For infrastructure teams, the conclusion is direct. Deep knowledge of lossless Ethernet, PFC, ECN, buffers, congestion, telemetry, and RDMA fabric operations will become an increasingly valuable skill. It is not learned by reading a data sheet or copying a reference configuration. It is learned in the lab, by breaking things, measuring queues, adjusting thresholds, and understanding how real workloads behave.
AI has brought the network back to the center of infrastructure design. For years, much of the attention focused on CPUs, GPUs, storage, and virtualization. Now the performance of a cluster depends as much on how its accelerators communicate as on how much compute power they have. Ethernet has been the highway of modern computing. With RoCE, we are asking it to behave like a racetrack.
Frequently asked questions
What is RoCE?
RoCE stands for RDMA over Converged Ethernet. It enables direct remote memory access over Ethernet, reducing the involvement of the CPU and operating system in transfers between servers.
Why does RoCE need a lossless network?
Because RDMA workloads, especially distributed AI training, are highly sensitive to packet loss, congestion, and latency. The network must avoid drops in critical traffic by using mechanisms such as PFC and ECN.

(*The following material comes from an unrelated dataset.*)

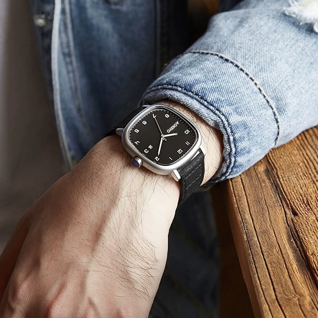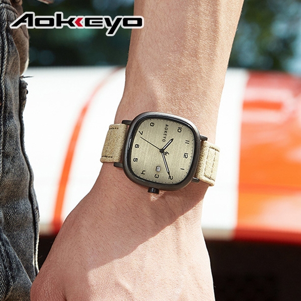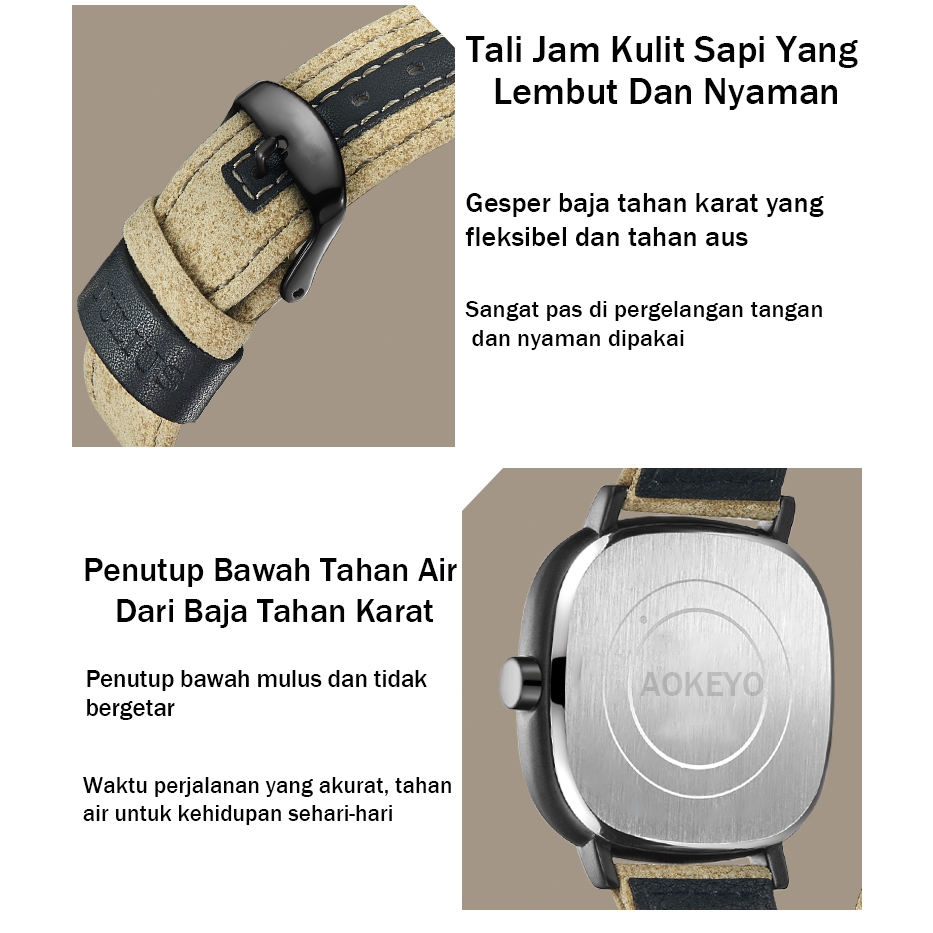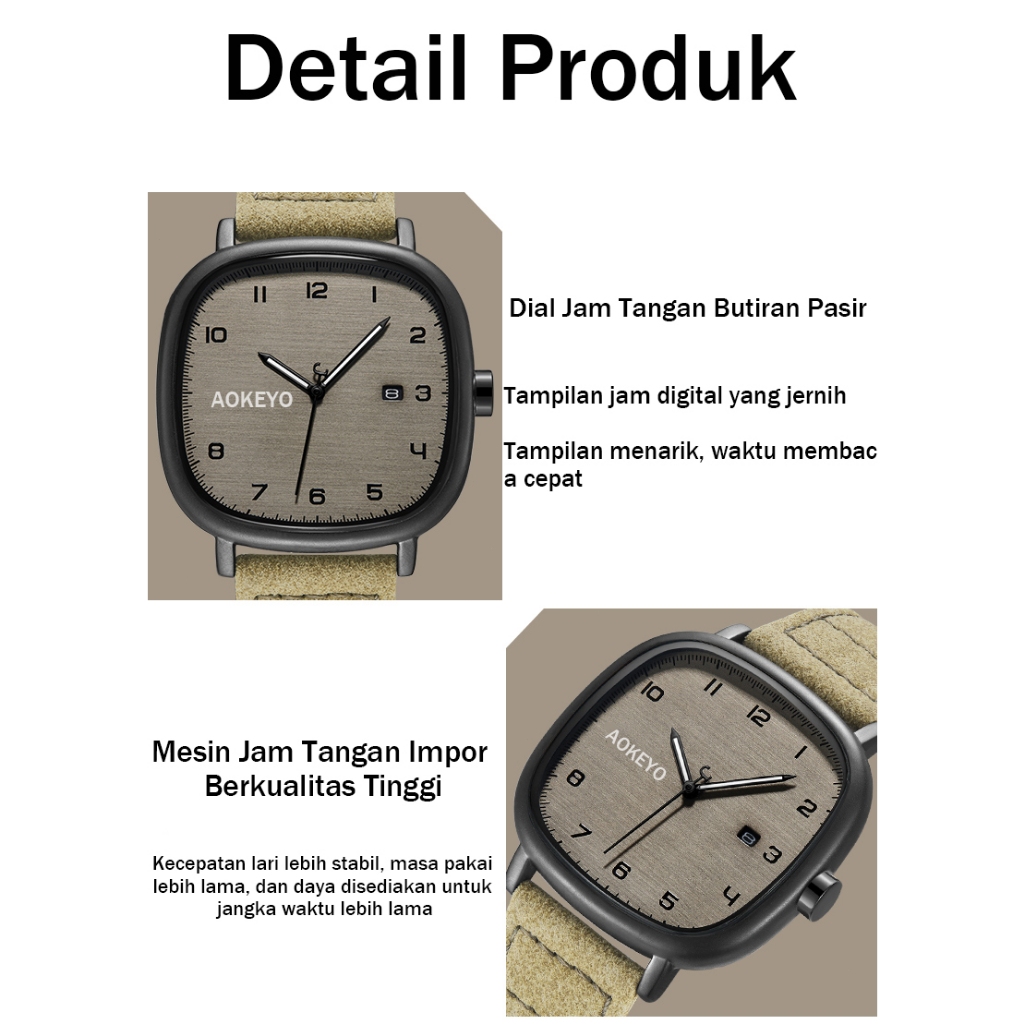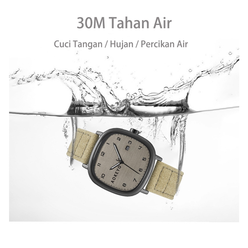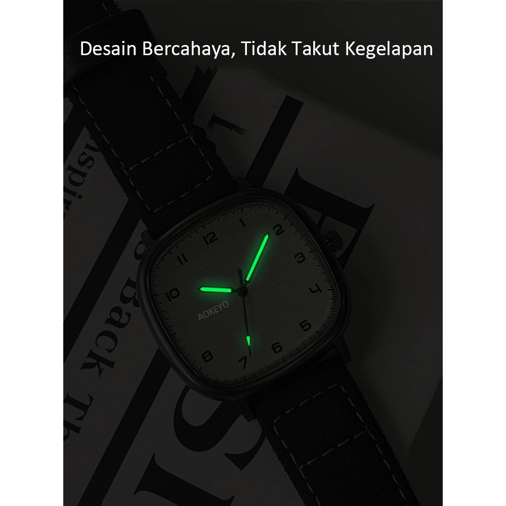 AOKEYO F043 Jam Tangan Pria Kulit Anti Air Original Terbaru Casual Tahan Air Square Leather Jam Tangan Cowok(Free BOX +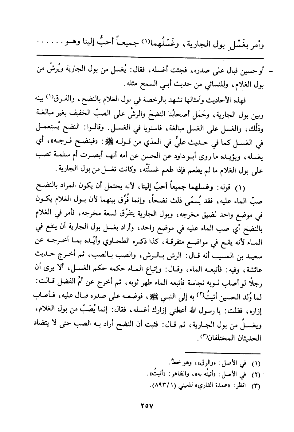 (¬1) قوله: وغسلهما جميعاً أحب إلينا، لأنه يحتمل أن يكون المراد بالنضح صبّ الماء عليه، فقد يُسمى ذلك نضحاً، وإنما فُرِّق بينهما لأن بول الغلام يكون في موضع واحد لمخرجه، وبول الجارية يتفرَّق لسعة مخرجه، فأمر في الغلام بالنضح أي صب الماء عليه في موضع واحد، وأراد بغسل بول الجارية أن ينقع في الماء لأنه يقع في مواضع متفرقة، كذا ذكره الطحاوي وأيّده بما أخرجه عن سعيد بن المسيب أنه قال: الرش بالرش، والصب بالصب، ثم أخرج حديث عائشة وفيه: فأتبعه الماء، وقال: وإتباع الماء حكمه حكم الغسل، ألا يرى أن رجلاً لو أصاب ثوبه نجاسة فأتبعه الماء طهر ثوبه، ثم أخرج عن أم الفضل قالت: لما وُلد الحسين أتيت (في الأصل: "أتيتُه به"، والظاهر"أتيتُ") ، به إلى النبي صلى الله عليه وسلم، فوضعته على صدره فبال عليه، فأصاب إزاره، فقلت: يا رسول الله أعطني إزارك أغسله، فقال: إنما يُصَبّ من بول الغلام، ويغسلُ من بول الجارية، ثم قال: فثبت أن النضح أراد به الصب حتى لا يتضاد الحديثان المختلفان (انظر: "عمدة القاري" للعيني (1/893)) .

What role do PFC and ECN play?
PFC pauses specific traffic classes when there is congestion in a queue. ECN marks packets before drops occur so that the sender slows down. Together, they help build Ethernet fabrics suitable for RDMA.
Will Ethernet completely replace InfiniBand?
Not necessarily. InfiniBand will remain relevant in many high-performance environments. But Ethernet with RoCE, and future technologies such as Ultra Ethernet, is gaining ground because of openness, scale, and supplier diversity.